Public Citizen has told HHS secretary Sylvia Burwell that FDA should withdraw its recent draft guidance on Distributing Scientific and Medical Publications on Risk Information for Approved Prescription Drugs and Biological Products — Recommended Practices because it would allow pharmaceutical companies to tell physicians that marketed drugs could be less risky than FDA-approved labels say they are.

In an October 22 letter to Burwell, the group’s founder and senior advisor, Sidney M. Wolfe wrote that  the guidance would allow pharmaceutical salespeople to “inform physicians of the purportedly lower risks by distributing peer-reviewed articles assessing a drug’s risks and discussing with doctors the information about the ‘lower’ risks, without the FDA reviewing the articles, analyzing the data, or approving distribution of that information.”

Wolfe said FDA had acknowledged its awareness of this danger in response to two petitions from the drug and medical device industry that sought, in Wolfe’s words, “authority to engage in the distribution and communication” of off-label use information.
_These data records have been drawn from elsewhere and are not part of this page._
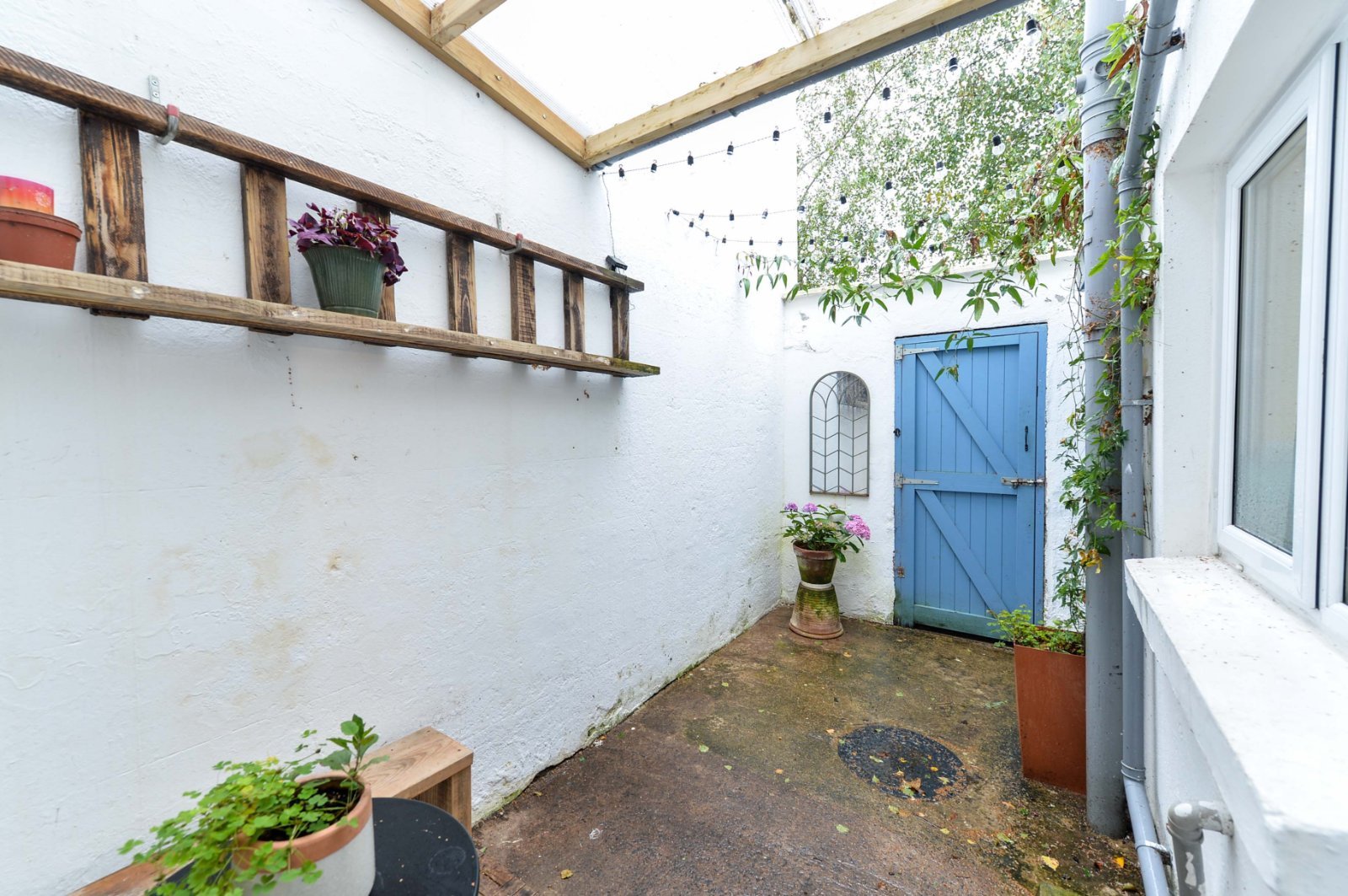 Enclosed yard to rear, partly covered, outside light and tap, garden store with light, power, plumbed for washing machine, gas boiler.
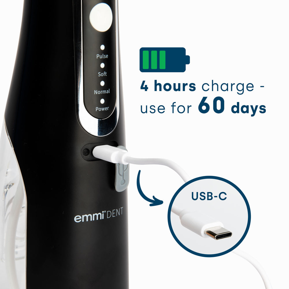 Oral irrigators are available in various designs, from models that are connected directly to the tap and thus restrict freedom of movement through a water hose, to stationary oral irrigators with an external water tank, which are also limited in their handling. emmi-dent has recognized these challenges and developed an innovative solution: a practical, uncomplicated and effective oral irrigator. The emmi-dent electric oral irrigator is characterized by its cordless design, which allows unrestricted mobility throughout the entire oral cavity. Equipped with a generous water tank and an integrated battery, it offers maximum handiness without annoying cables or hoses. Simply fill the tank with water and charge the battery - and the device is ready to go. In addition, the emmi-dent oral irrigator is the ideal companion when traveling due to its compact size. The advantages of the emmi-dent oral irrigator: - Cordless for unrestricted freedom of movement - Compact design, perfect for on the go - 300 ml water tank in the handpiece for easy refilling - Easy charging of the battery with USB-C (charge for 4 hours, use for 60 days) If you are looking for a product that fits seamlessly with your lifestyle and your demands for careful dental care, the emmi-dent oral irrigator offers a tailor-made solution. Developed for users who value thorough and relaxed oral hygiene both at the start of the day and at the end of the evening, it sets new standards in tooth cleaning.
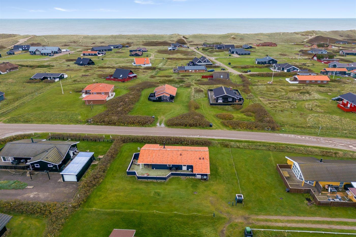 Ferieboligen er beliggende på en 885 m² stor naturgrund. Der er 300 m til havet. Nærmeste forretning er beliggende i en afstand af 150 m. Til ferieboligen hører 60 m² terrasseareal. Desuden er der 15 m² overdækket terrasse. Heraf i alt 60 m² lukket terrasse. Der er redskabsrum. Grill til rådighed. Der er installeret stik til opladning af elbil. Parkering ved ferieboligen.
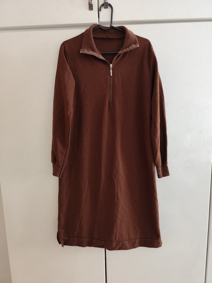 Kahverengi triko elbise, yüksek yakalı ve fermuarlı, uzun kollu, rahat kesimdir. Midi boy ve yumuşak, sıcak kumaştandır. Günlük kullanıma uygundur.
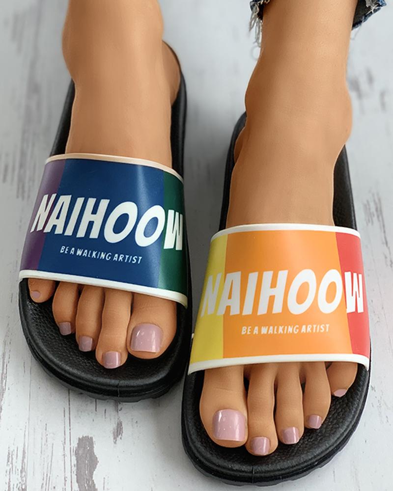Colorful Rainbow Letter Pattern Slider Sandals, Black
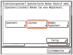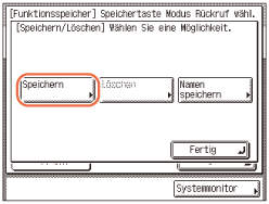 Betätigen Sie [Spezialfunktionen] → [Funktionsspeicher] → [Speichern/Löschen].
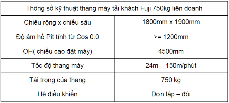 Thông số kỹ thuật thang máy tải khách Fuji 750kg liên doanh
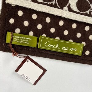 Coach Signature C Scarf in a brown and cream color scheme. It features the brand's signature "C" logo pattern on one side and a polka-dot pattern on the reverse.
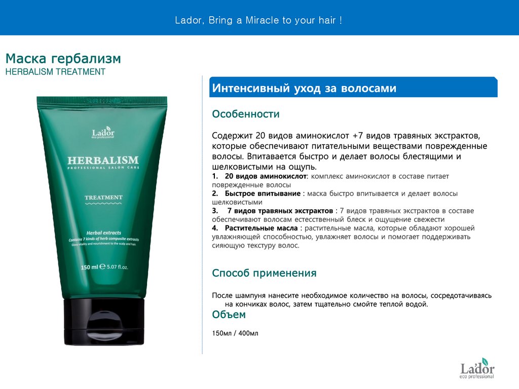 Интенсивный уход за волосами. Lador
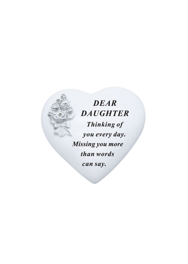 Daughter White Heart Stone With Silver Three Diamante Rose Bouquet

FDA’s response, Wolfe wrote Burwell, stated that “Information that emphasizes the drugs’ claimed benefits, while minimizing the drugs’ limitations and adverse effects, may inappropriately influence a physician’s prescribing decisions in a manner that is not in the patient’s best interest.”
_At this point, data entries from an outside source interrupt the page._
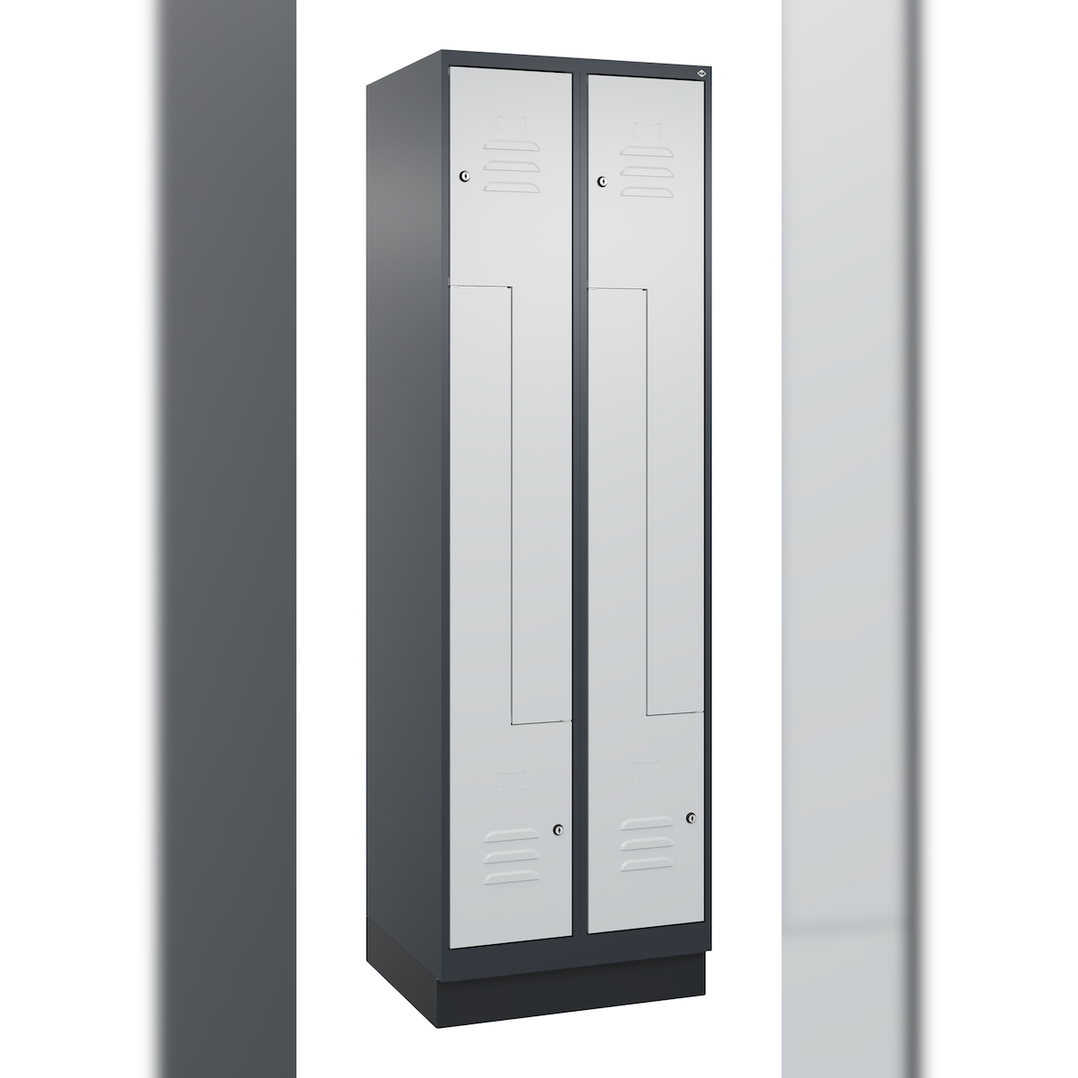 C+P Z-Spind Classic PLUS, Sockel, 4 Abteile, HxBxT 195x60x50cm, Zylinderschloss, Anthrazit/Hellgrau von PROREGAL
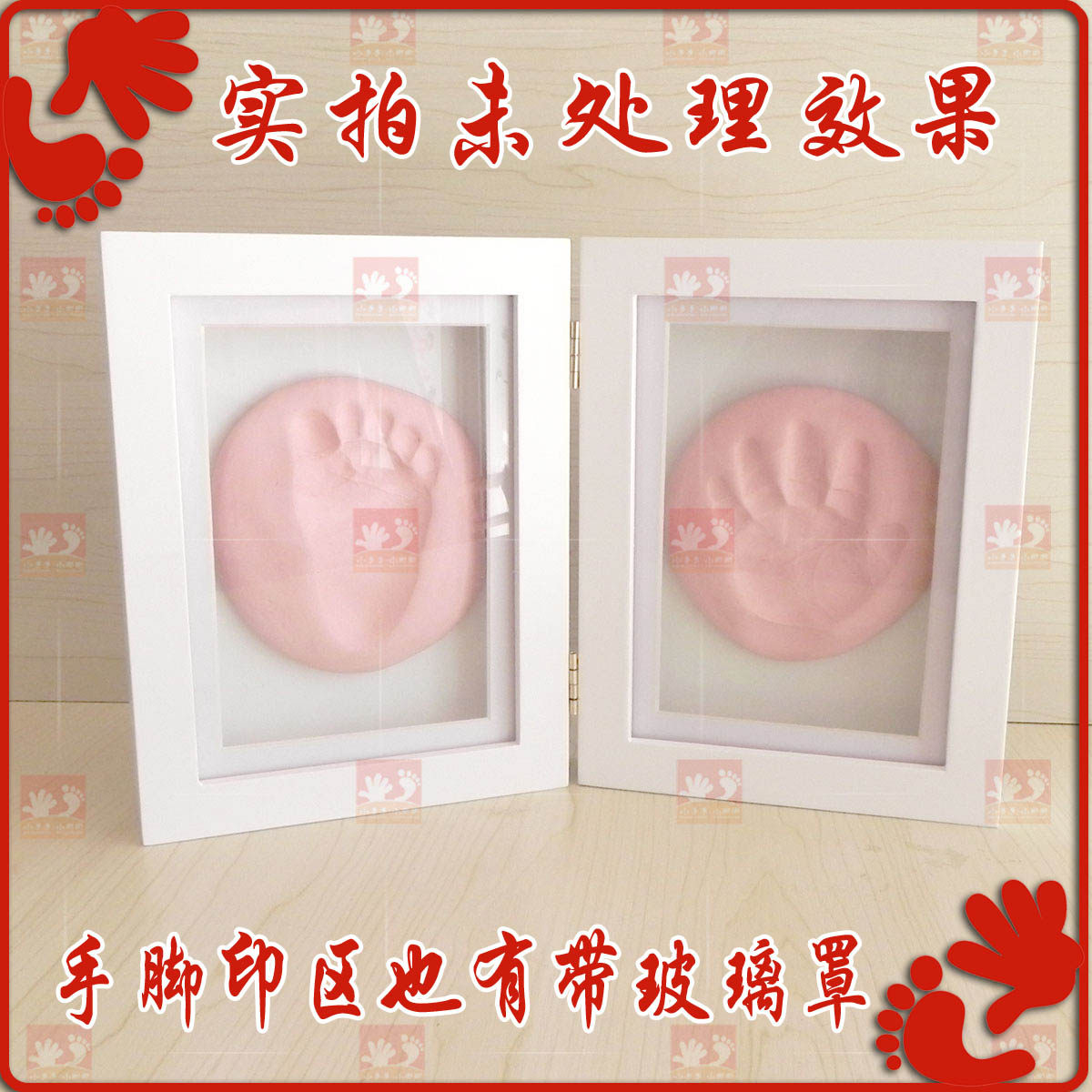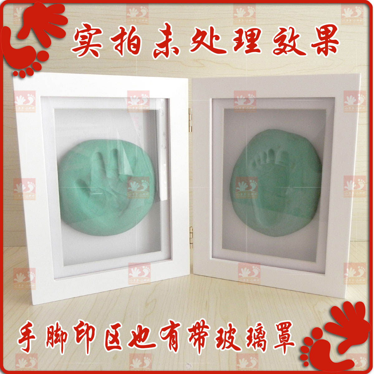 Baby print mud Hand and foot print mud Baby hand and foot print mud with glass cover two-fold solid wood souvenir
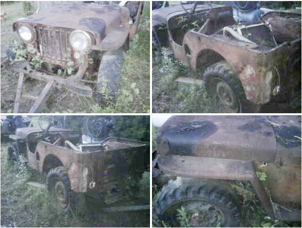 “This jeep is for parts. If you want a pristine Jeep, this one is NOT the one you need. I do not know if its all there, and the engine is probably not original. It has a 6 cylinder motor, which may be a Kaiser straight-six. Floor pan is rusted out. This jeep is old, but may be a good find if you’re looking for some parts.”

His letter also complained about FDA’s decision to withhold over 1,700 public comments on the draft guidance, suggesting that it is trying to cover-up criticism of the proposal.

“Of the 1,781 comments submitted on the proposal, only one comment has been posted on the government agency’s Web site in the 58 days since the comment period closed,” Wolfe wrote, adding that on 10/15 it requested under the Freedom of Information Act the release of the comments.

In a recent JAMA article, Wolfe wrote that the draft  guidance “strikes the balance more toward the industry’s view of its First Amendment right to commercial speech than toward the agency’s mandate for patient protection.”

He said that when evidence supports a reduction in the risk associated with use of a prescription drug or biological product, the manufacturer should send the evidence to FDA, state the basis for the reduction in risk, and request a labeling change. If the agency is convinced, he says, the label can be changed. But, “off-label risk reduction is a misguided approach.”